Police spokesman Micky Rosenfeld announced the rule Friday, the Times of Israel reported. Rosenfeld said that “the visits of tourists and Jewish visitors can continue normally.”

The Temple Mount, which is holy to Jews and Muslims, is adjacent to the Western Wall and is the one-time location of Judaism’s first and second temples. The site has witnessed numerous clashes between Jews and Palestinians in recent years, particularly during holidays.

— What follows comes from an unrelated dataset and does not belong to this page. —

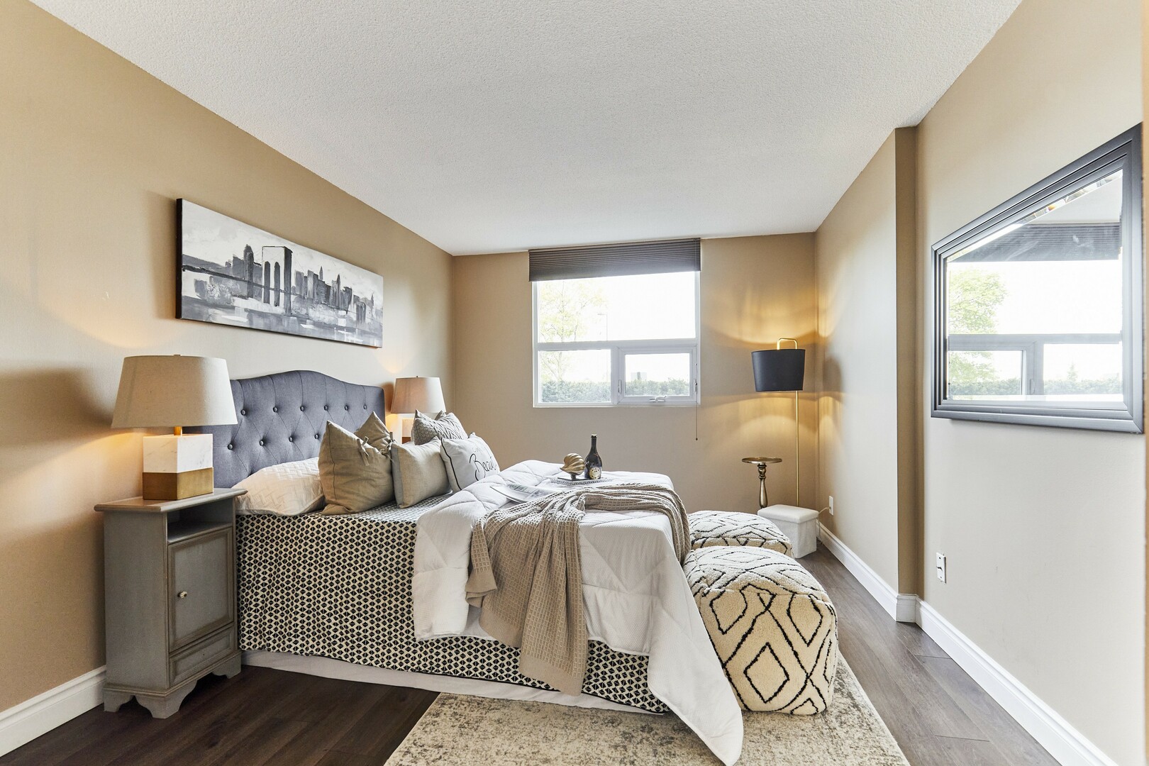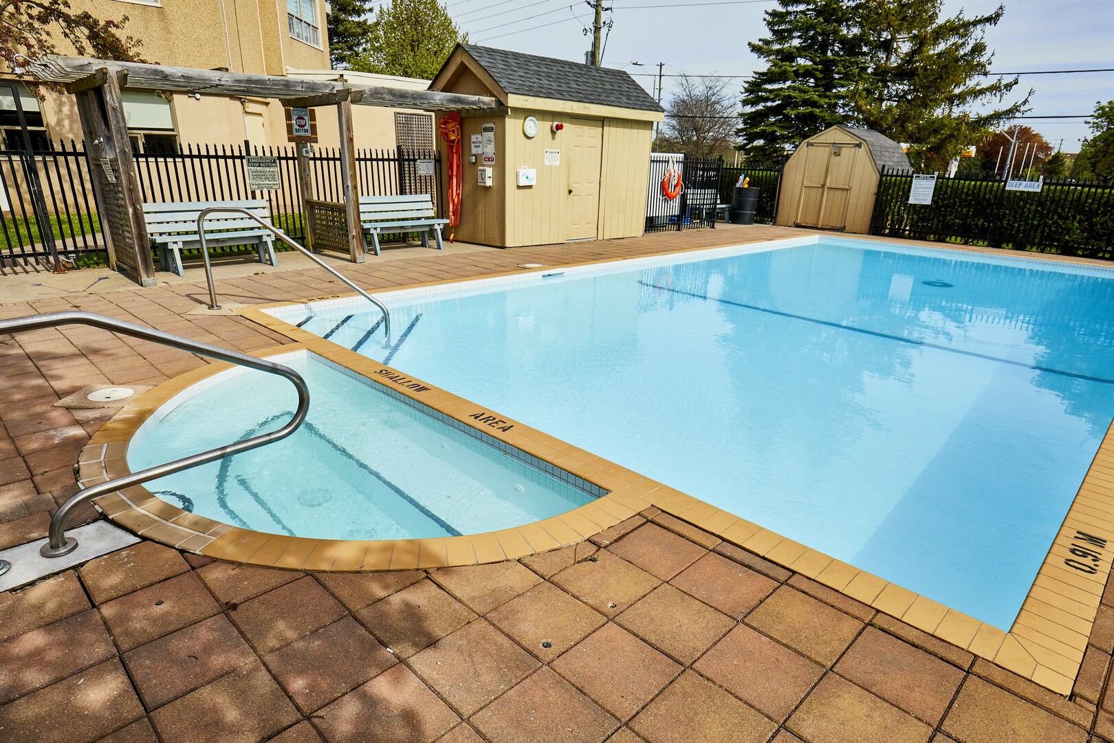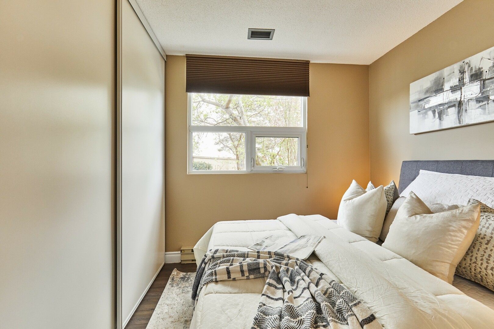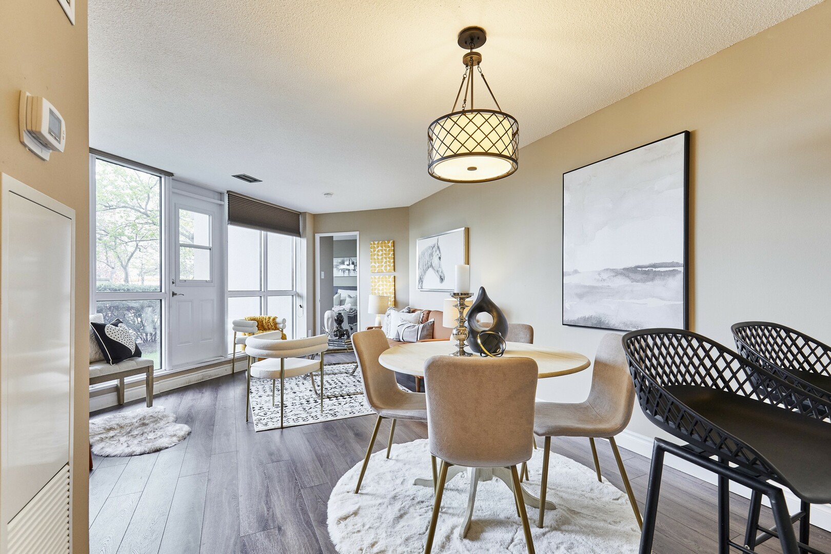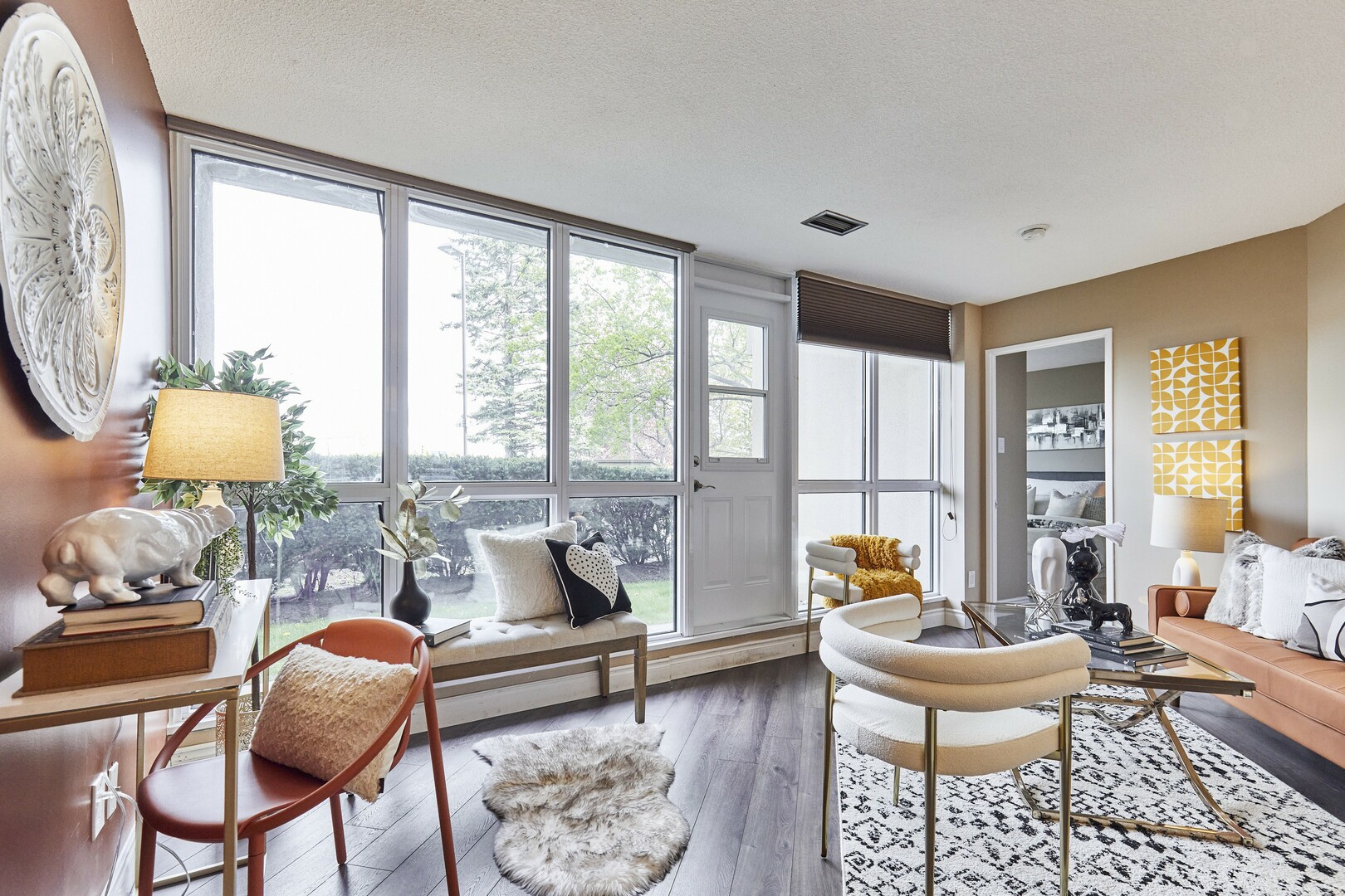 YOUR SEARCH IS OVER / Perfect Location - WALK TO SHOPPING, BANKING, MEDICAL RESTAURANTS, TRANSIT & MORE / Beautiful, Updated 2-BEDROOM , 2-BATH, 2 PARKING, & LOCKER condo, With 954 sqft / VERY REASONABLE MAINTENANCE FEES / This unit offers a desirable Split Bedroom Layout, stylishly appointed with Modern Colours and durable VINYL FLOORING THROUGHOUT. Walkout from the living room to a Private Patio overlooking Mature Trees and a Privacy Hedge with a Bright Southeast Exposure. The Spacious White Kitchen is has plenty of Counter & Cupboard Space along with a convenient pass-through to the Dining Area. The PRIMARY Bedroom comfortably fits a KING SIZE BED and features a Walk-In Closet and 3pc ENSUITE / Great Second Bedroom or Office / Enjoy the comfort of NEWER WINDOWS, NEW PATIO DOOR, UPDATED HEATING UNIT, / BOTH BATHROOMS have been UPDATED and the ENSUITE LAUNDRY adds everyday convenience. This Absolutely MOVE IN READY condo combines functionality, Comfort and Privacy in a WELL MAINTAINED Building Amenities include an OUTDOOR POOL, PATIO, GYM & SAUNA. FANTASTIC LOCATION Close to Major Shopping, Community Center, 401, TRANSIT & GO TRAIN **** Taxes & Sqft are approximate based on similar units and not yet assessed *** No Pets and No Smoking.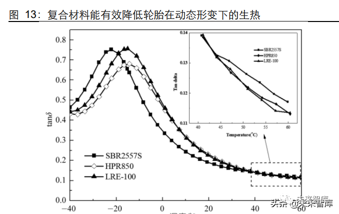 胎面配方:根据《应对新能源汽车发展规划轮胎胎面配方应用新材料》,新能源汽 车轮胎在橡胶组分、橡胶填料、偶联剂和助剂方面可以进行配方的改变,便有望达 到滚动阻力和抓地性能的平衡。(1)橡胶组分:分子主链改性的溶聚丁苯橡胶 (HPR850 和 LRE-100)可以明显减弱复合材料中填料的 Payne 效应,改善填料在 橡胶基体中的分散,从而可以有效降低复合材料在动态形变下的生热。因此,优先 选择改性溶聚丁苯橡胶,可以达到滚动阻力和抓地性能的平衡;(2)填料:以白炭 黑为主,同时选用合适的无机填料进行并用;(3)偶联剂:可选用 NXT 来达到较 低的滚动阻力,同时平衡了加工性能;(4)助剂:一些提高抗撕裂、降低门尼黏度 的助剂可以参与橡胶交联反应,能够防止助剂逸出,提高白炭黑分散性。

Rumors that Israel planned to change the status quo that allows Muslims control on the Mount and prohibits Jewish prayer there sparked a surge of Palestinian violence that began in October. Israel has repeatedly affirmed its commitment to the status quo; however, a growing number of Israeli Jews who advocate for greater Jewish access to the site have in recent years visited the Temple Mount, which includes the Al-Aqsa Mosque and the Dome of the Rock. Their visits, along with those by right-wing Israeli lawmakers, are viewed by Muslims and Palestinians as a provocation and threat to the status quo.


Rosenfeld said that 3,500 police will be on patrol in Jerusalem during Passover, an increase above the usual number. He declined to say how large an increase it represented, however.

“These forces are patrolling in all public places, bus stations, shopping malls, tram stations,” he said.

During Passover tens of thousands of Jews visit Jerusalem’s Old City.

Israel has also closed off all crossing points from the West Bank and the Gaza Strip for Friday and Saturday, fearing a wave of violence during the start of the holiday.